- [Your task]:
Write out the data below exactly as given, without any of its pictures.

[Opening Collected material section]

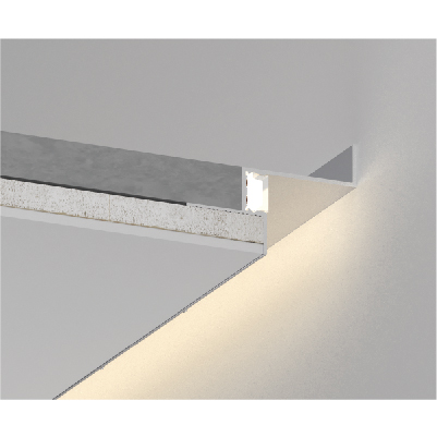 Wall edge aluminum channel for single and double-layer gypsum ceilings.Made from high-quality anodized aluminum profiles, this product offers high strength, lightweight construction, corrosion resistance, and excellent thermal dissipation. By incorporating aprecisely designed gap, it creates asoft shadow effect, enhancing the visual perception of afloating and weightless ceiling.When paired with LED light strips, it delivers uniform wall-washing illumination without glare or hotspots, serving both edge finishing and optical control functions. Applied to modern minimalist ceilings, indirect lighting systems, and commercial space lighting.
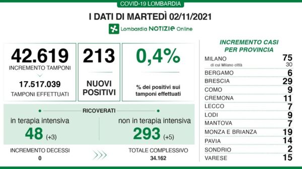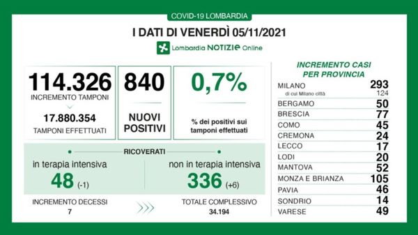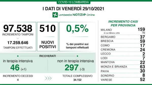Ecco i dati della cabina di regia di Regione Lombardia per la giornata di venerdì 29 ottobre.
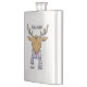 The product is a good size and came exactly as it was pictured.  The lid is not attached to the flask, which could be dangerous on drunken nights... The print came out surprisingly well and looks very sharp.  Would definitely recommend.
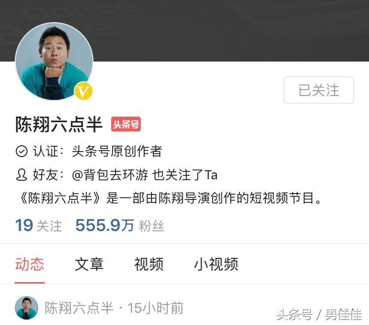 【陈翔六点半】原本头条号粉丝加上抖音的230万粉丝和西瓜视频的232万粉丝,变成了如今头条号里的550万粉丝。粉丝数量排名头条号第6位。

[Closing Collected material section]

- [Solution for this exercise]:
 Wall edge aluminum channel for single and double-layer gypsum ceilings.Made from high-quality anodized aluminum profiles, this product offers high strength, lightweight construction, corrosion resistance, and excellent thermal dissipation. By incorporating aprecisely designed gap, it creates asoft shadow effect, enhancing the visual perception of afloating and weightless ceiling.When paired with LED light strips, it delivers uniform wall-washing illumination without glare or hotspots, serving both edge finishing and optical control functions. Applied to modern minimalist ceilings, indirect lighting systems, and commercial space lighting.
Ecco i dati della cabina di regia di Regione Lombardia per la giornata di venerdì 29 ottobre.
 The product is a good size and came exactly as it was pictured.  The lid is not attached to the flask, which could be dangerous on drunken nights... The print came out surprisingly well and looks very sharp.  Would definitely recommend.
 【陈翔六点半】原本头条号粉丝加上抖音的230万粉丝和西瓜视频的232万粉丝,变成了如今头条号里的550万粉丝。粉丝数量排名头条号第6位。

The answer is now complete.